Querida, ¿no creerás que es el dinero lo que me importa?
—No, no. Debería haberte preguntado primero, pero no pensé que fuera lo
más natural.
—¡Dios mío, Alex! —exclamó Cedric, más conmovido que nunca—. ¿Entiendes
lo que dices? ¿Es natural malversar dinero ?
Lágrimas de terror y de absoluto desconcierto se apoderaron de las
debilitadas facultades de Alex y la privaron del habla.
Cedric comenzó a caminar por la biblioteca, hablando rápidamente y sin
mirarla.
Si tan solo me hubieras escrito y me hubieras contado lo que hiciste de
inmediato... aunque Dios sabe que habría sido bastante malo hacer algo así y
luego dejarlo estar. ¿No sabías que tarde o temprano se descubriría ?
Lanzó una mirada fugaz a Alex, quien permanecía sentada con el rostro
tembloroso corriéndole las lágrimas, pero no dijo nada. Era inútil explicarle a
Cedric que nunca había pensado en que no la descubrieran. No pretendía ocultar
nada. Había considerado su acción tan simple que apenas necesitaba explicación
ni justificación. Simplemente no valía la pena escribir.
La voz de Cedric continuó, ganando fuerza gradualmente a medida que la
agitación que lo había sacudido se calmaba bajo su propia fluidez.
¿Sabes que es un delito perseguible, Alex?

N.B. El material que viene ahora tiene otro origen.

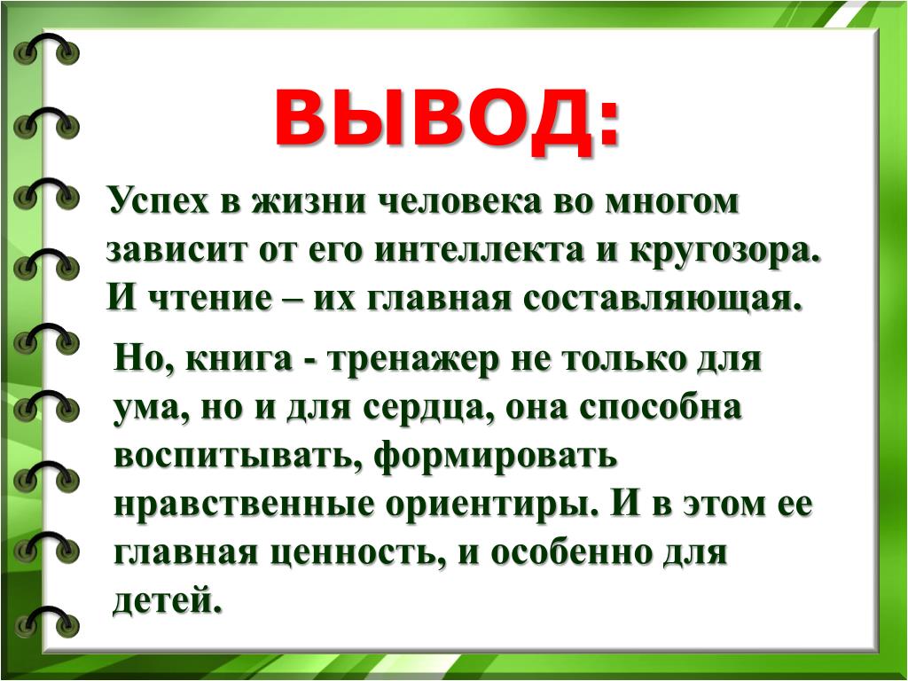 ВЫВОД: Успех в жизни человека во многом зависит от его интеллекта и кругозора. И чтение – их главная составляющая. Но, книга - тренажер не только для ума, но и для сердца, она способна воспитывать, формировать нравственные ориентиры. И в этом ее главная ценность, и особенно для детей.

Claro que no se trata de eso,
pero aprovecharse de esa certeza...
Alex hizo un sonido inarticulado.
Violet dice que, por supuesto, no sabías lo que hacías. Ese lugar
miserable, ese convento, te ha destrozado por completo. ¡Cuando pienso en esa
gente...! —El rostro de Cedric se ensombreció—. Pero, caray, Alex, te criaron
como a todos nosotros. Y hablando de honor, ¡piensa en mi padre!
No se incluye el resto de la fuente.